Ve geldik bu sezonun sonuna. On bölüm o kadar az ki, hele böyle bir finalden sonra neredeyse bir sene beklemek gerçekten zor olacak.

Son bölümün adı Valar Morghulis'di. Valyria dilinde (Valyria eskiden bir felaket sonucunda yok olan büyük bir imparatorluk, yani ASOIAF evreninin Atlantis'i) anlamı "All men must die", yani "Her canlı ölmeli". Bu cümle karşımıza Arya Stark, Jagen H'ghar ile vedalaşırken çıkıyor. (Aklıma Valar deyince Silmarillion, Morghulis deyince Morgoth geliyor şahsen; acaba R. R. Martin'in de gelmiş midir diye sordum şahsen)
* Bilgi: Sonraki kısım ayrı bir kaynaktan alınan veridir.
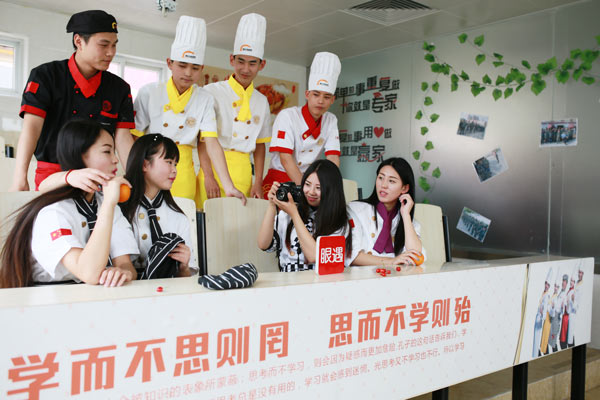 所有的场景都深深吸引着拍客,他们争分夺秒地用镜头记录着他们看到的一切。欧米奇创业示范店、模拟酒店、小花园、林荫小道……都留下了他们的足迹。新东方的魅力,厨师们的风采,舌尖上的美味,无一不给他们留下了深刻的印象。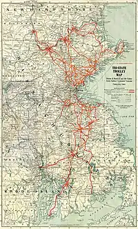 The Old Colony Street Railway Company (Old Colony St. Ry.) was a horse-drawn and electric streetcar railroad operated on the streets of Boston, Massachusetts and communities south of the city. Founded in 1881 as the Brockton Street Railway Company, via lease and merger it became a primary mass transit provider for southeastern Massachusetts and Rhode Island. Its immediate successor was the Bay State Street Railway, and its modern successor is the state-run Massachusetts Bay Transportation Authority (MBTA).[1]
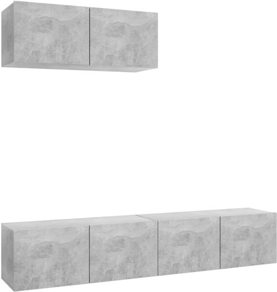 vidaXL4 db betonszürke szerelt fa fali TV-szekrény 80 x 30 x 30 cm Ezek a TV-szekrények elegáns és klasszikus kialakításúak. Könnyen a falra rögzíthetők, így otthona dekoratív és praktikus kiegészítői lesznek. Masszív szerelt fa: A szerelt fa kivételes minőségű, sima felületű, szilárd, stabil, és ellenáll a nedvességnek. Bőséges tárolóhely: Minden TV-állvány 2 re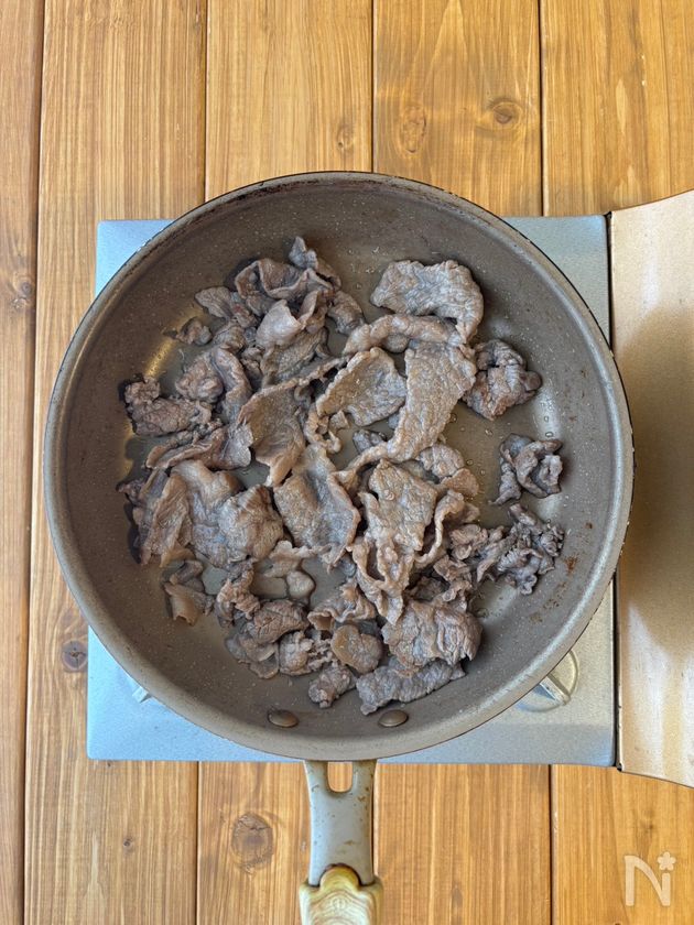 ・牛肉は固くなるのを防ぐため、熱を通しすぎないよう一度フライパンから取り出すのがポイントです!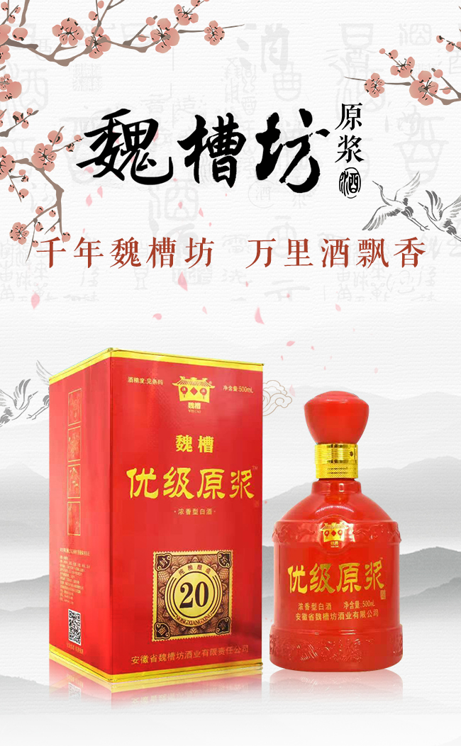 安徽魏槽坊酒業有限責任公司座落在華夏酒城安徽白酒之鄉——亳州市古井鎮。地處大京九鐵路沿線,自古以來,人杰地靈、物華天寶、資源豐富。公司釀造的白酒是通過“擇層取醅”、“擇時摘酒”等傳統技術,得到精華的原漿美酒,再放入地下酒庫經陶壇洞藏一定年限,使其自然老熟。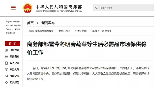 近日,商務部一則通知刷屏。我們不妨看看,通知標題是《關于做好今冬明春蔬菜等生活必需品市場保供穩(wěn)價工作的通知》。內(nèi)容方面強調(diào),保障今冬明春廣大人民群眾生活必需品供應充足,切實做好市場保供穩(wěn)價工作。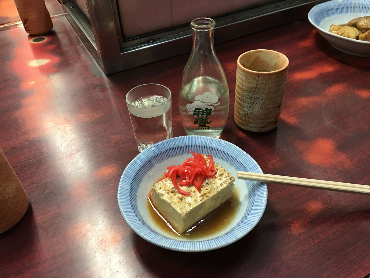 「熱燗と豆腐ください!」っと声をかけると、「うちは食事を取る人ばっかりだから、これ一本にしてくれよな!」っと旦那さんに声をかけられてしまう…。

Tamam detaylara dalmayayım daha fazla, konuya dönmek gerekirse:

Tyrion Lannister'a gerçekten üzüldüm. Sen şehri kurtar, gerçek kahraman ol, yüzün de yarılsın; sonra izbe bir odada çürümeye terkedil ve tüm alkışları ibiş yeğeninle gaddar baban toplasın. Shea tavırlarıyla çok delikanlıydı ama ben o kadında bir tekinsizlik seziyorum, neden bilmem. Sibel Kekilli'ye de bravo, gerçekten güzel oynuyor rolünü. Ayrıca Tywin Lannister'ın Joffrey'nin huzuruna çıkmadan atının saraya pislemesi süper bir detaydı.


Ve Cersei; öf yani Kaynana Semra senin yanında Rahibe Teresa kalır. Tamam ibiş oğlunun güçlü kalması için savaşıyorsun da yan yan Sansa'ya göz süzmeler nedir ya. Sansa Stark'ı bir gıdım sevmem ama umarım bir gün karşısında Hürrem'in eline geçmiş Mahidevran'a dönersin Cersei. (Bak gün olur devran döner diye kelime oyunu bile yapılır bundan, tamam tamam susuyorum) Ayrıca Baelish Sansa'ya "Annen kardeşim gibiydi" martavalı çekiyor ama umarım kızı da kötü yola düşürmez.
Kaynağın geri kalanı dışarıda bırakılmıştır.